Poruszająca historia 7-latki. Sprzedawała lemoniadę, by postawić mamie nagrobek
Emouree Johnson ze Scottsboro w Alabamie jest bohaterką poruszającej historii obszernie opisywanej w amerykańskich mediach – czytamy w "Washington Post". Dziewczynka sprzedawała na ulicy lemoniadę, jak wiele dzieci z USA. Jednak przypadek Emouree jest inny. Dziewczynka bowiem nie planowała przeznaczyć zarobionych pieniędzy na swoje potrzeby, ale na zakup nagrobka dla zmarłej mamy. Jej mama Karli zmarła nagle w marcu w wieku 29 lat.
Babcia dziewczynki powiedziała w telewizji WAFF48 News, że sprzedaż lemoniady była pomysłem 7-latki. Nikt jej do tego nie zachęcał, ani nie zmuszał. Emouree postawiła przed domem niewielki stolik i oferowała przechodnim szklankę napoju za dolara.
Po opisaniu jej historii w mediach społecznościowych obcy ludzie zaczęli przyjeżdżać, by kupić lemoniadę. Do dziewczynki podchodzili nie tylko sąsiedzi, ale i strażacy, policjanci, pielęgniarki. Poruszeni ludzie płacili coraz większe kwoty, niektórzy nawet 100 dolarów.
Jak podaje rodziny 7-letniej Emouree, dziewczynka zebrała tak 10 tysięcy dolarów. – Nie wiedziałam, że robiąc po prostu trochę lemoniady, ściągnę do domu tyle ludzi – powiedziała uradowana dziewczynka. Dziewczynka stwierdziła, że jej mama byłaby dumna z tej inicjatywy. – Powiedziałaby, że zrobiłam dobry uczynek – dodała. Mało tego, po nagłośnieniu sprawy w mediach do rodziny dziewczynki same zaczęły się zgłaszać firmy kamieniarskie, oferując postawienie nagrobka gratis.

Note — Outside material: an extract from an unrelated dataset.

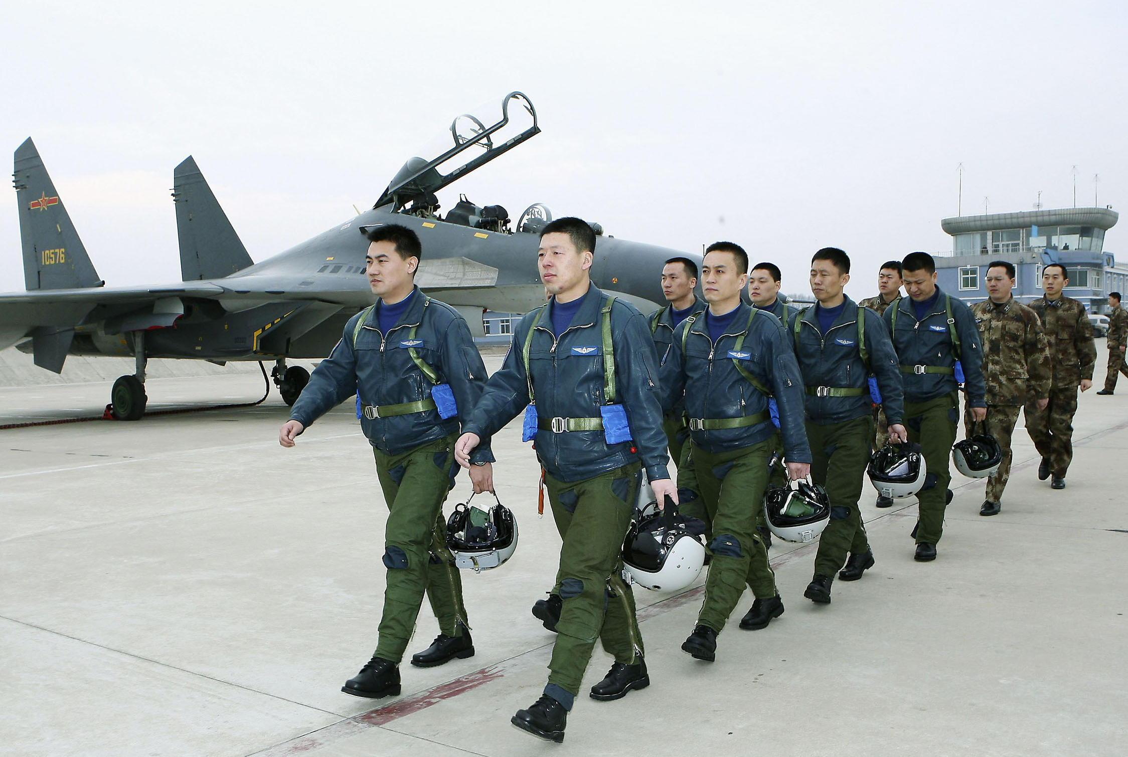 Phi công Trung Quốc chuẩn bị huấn luyện- Ảnh: Kyodo

Zebrane pieniądze rodzina może więc wydać na inny cel. – Ona wie, że wszyscy się o nią troszczą i ją kochają. Wszyscy ci ludzie to jej okazali. Tym samym pomogli nam, całej rodzinie. (...) Mam nadzieję, że moja córka widzi, jakie ma wspaniałe dziecko. Dziękuję wszystkim i dziękuję Bogu, bo jest to dla mnie niezwykle bolesne, a społeczność bardzo mi pomogła – dodała babcia dziewczynki, Jennifer Bordner.